Tuesday, March 20, 2007

NEWS ROUNDUP

Law Prof Takes Case to the Supreme Court Yesterday, Chief Justice of the United States Supreme Court John G. Roberts ’76, a graduate of Harvard Law School, got to turn the tables on one of his former instructors. In his first Supreme Court appearance since December 2004, Loeb University Professor Laurence H. Tribe ’62 argued that the property rights of Harvey F. Robbins, the Wyoming rancher he was representing, were violated when the U.S. Bureau of Land Management (BLM) took retaliatory action against him for failing to give the government access to a road. “They ransacked his cabin, they got a neighbor to run a truck into him when he was on horseback, they fabricated felony charges against him,” Tribe said. “All because he wouldn’t bow to their demands.” The Supreme Court has to determine if plaintiffs can sue government officials personally under federal racketeering laws; Robbins is trying to sue BLM employees. In his argument, Tribe claimed that the Fifth Amendment protects citizens from facing retaliation from the government for excluding the government from private property. “In my view, the Fifth Amendment protects you not only from having your property taken without just compensation, but it also protects you from being subject to government retaliation,” Tribe said in a phone interview from Washington after his appearance before the court. “That’s the case here.” While Tribe said he sensed the justices were sympathetic to his Fifth Amendment argument, they were wary of creating new ways to sue government employees. “There is a considerable amount of hostility for the possibility of opening up the floodgates of litigation against government officials,” Tribe said....
Dispute with BLM heard by top court A Wyoming rancher should be allowed to sue individual federal workers for harassment and retaliation under federal racketeering law, the rancher's lawyer told the U.S. Supreme Court Monday. Harvard Law Professor Laurence Tribe argued the case for Robbins, saying there should be a constitutional avenue for private citizens to sue government employees for continued harassment, instead of having to sue for individual retaliatory actions. The Bureau of Land Management, represented by the Department of Justice, argued that there is no precedent for such lawsuits under current law and thus their employees are immune from them. The justices questioned whether Robbins' lawsuit was an appropriate response to the BLM employees' actions and whether allowing it to proceed would flood the legal system with similar lawsuits....Go here (pdf) for a transcript of the oral arguments.

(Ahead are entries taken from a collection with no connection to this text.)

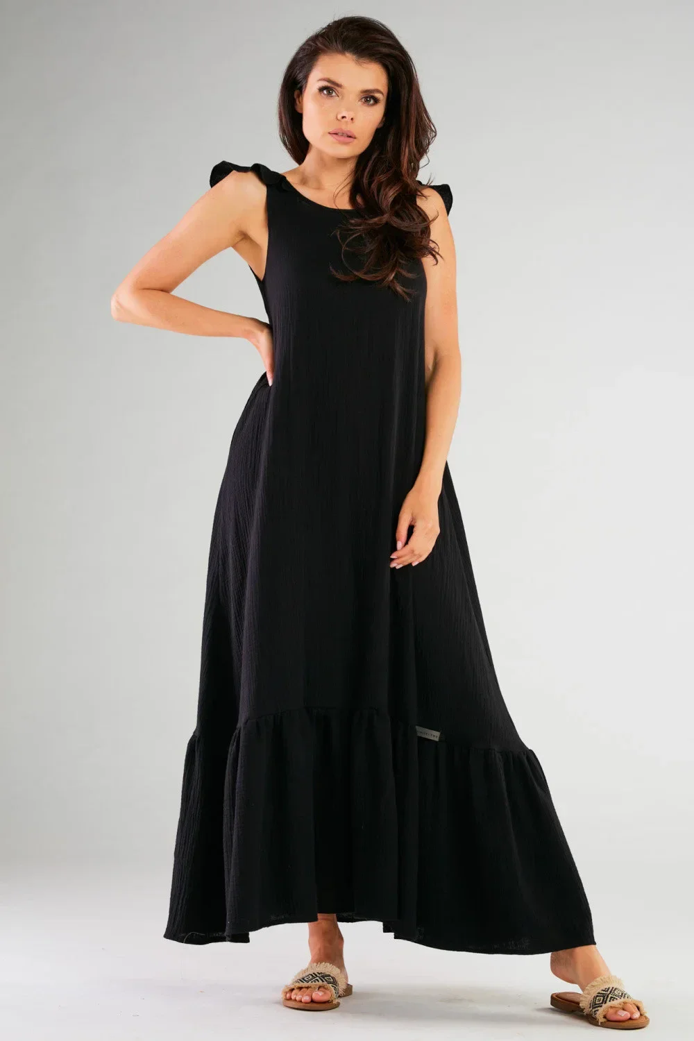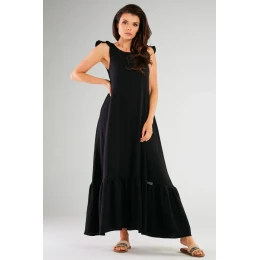 Dlouhé šaty vytvořené pro milovnice romantických a zároveň pohodlných stylizací. Vzor se rozšiřuje směrem dolů, skvěle zakrývá drobné nedokonalosti těla. Navrženo a ušito v Polsku.
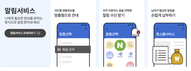 - 공공서비스에서 발생하는 고지와 납부 및 만기 등의 정보를 미리 받아볼 수 있고 '맞춤 알림 신청' 기능제공
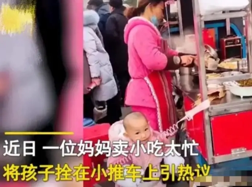 視頻中,一位年輕的媽媽正在街邊的小吃攤點(diǎn)忙碌著,而身邊,是她只有18個(gè)月大的寶寶。寶寶身上穿著厚厚的棉服,手里拿著幾串小吃,一個(gè)人乖乖的在玩,完全沒(méi)有去打擾忙碌的媽媽。
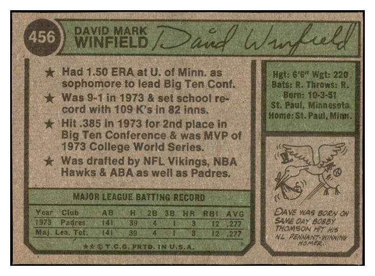 1974 Topps Baseball #456 Dave Winfield Padres EX-MT 536366
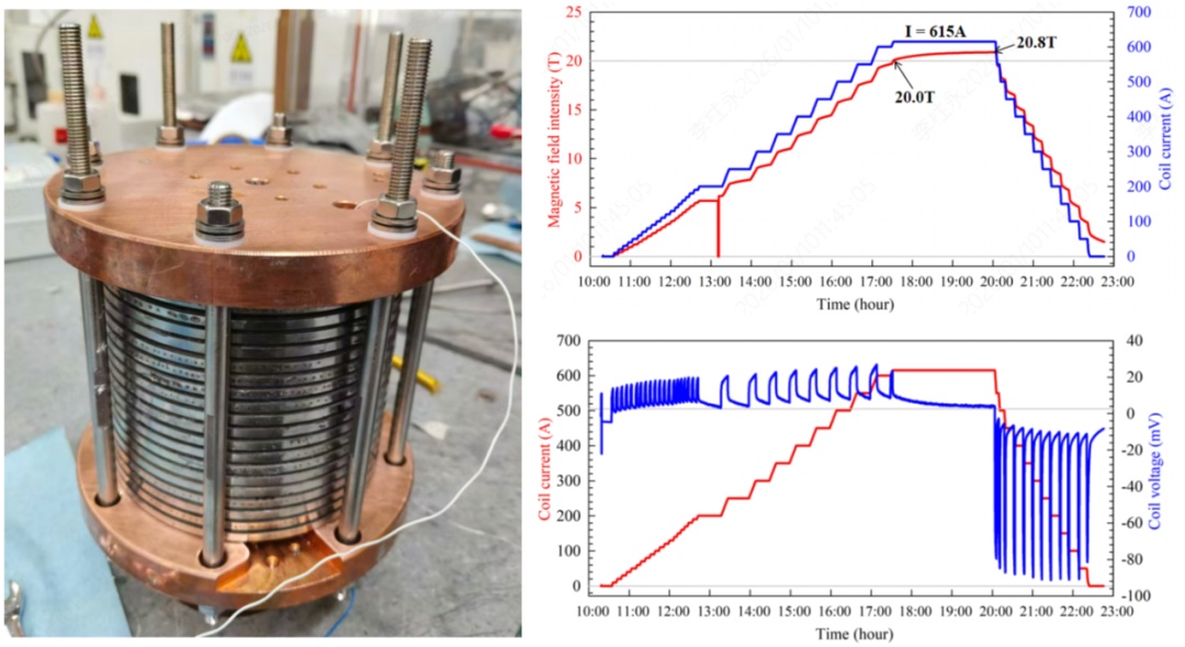 近日,能量奇点自主研制的纯导冷结构高温超导磁体成功励磁至20.8特斯拉,经150分钟稳定运行后安全退磁。该磁体由20个单饼组成,外直径120mm,单饼绕制直径30mm,为无绝缘结构,采用纯导冷方式运行。该磁体运行的初始温度为10K,在整个励磁过程中温升始终控制在5K以内。该磁体及相关技术将应用于能量奇点自主研制的商用级材料性能测量平台,包括综合物性测量系统、临界电流高场角度依赖性测量系统等。

Bush administration reinterprets species law Tired of losing lawsuits brought by conservation groups, the Bush administration issued a new interpretation of the Endangered Species Act that would allow it to protect plants and animals only in areas where they are struggling to survive, while ignoring places they are healthy or have already died out. The opinion by U.S. Department of Interior Solicitor David Bernhardt was posted with no formal announcement on the department's Web site on Friday. U.S. Fish and Wildlife Service Director Dale Hall, contacted in Washington, D.C., said the new policy would allow them to focus on protecting species in areas where they are in trouble, rather than having to list a species over its entire range. That would make it easier to take the gray wolf off the federal threatened species list in Montana and Idaho, leaving it to the states to manage. And it would leave it listed in Wyoming, where the state has yet to adopt a protection plan that satisfies the federal government, Hall said....Go here (pdf) to read the opinion.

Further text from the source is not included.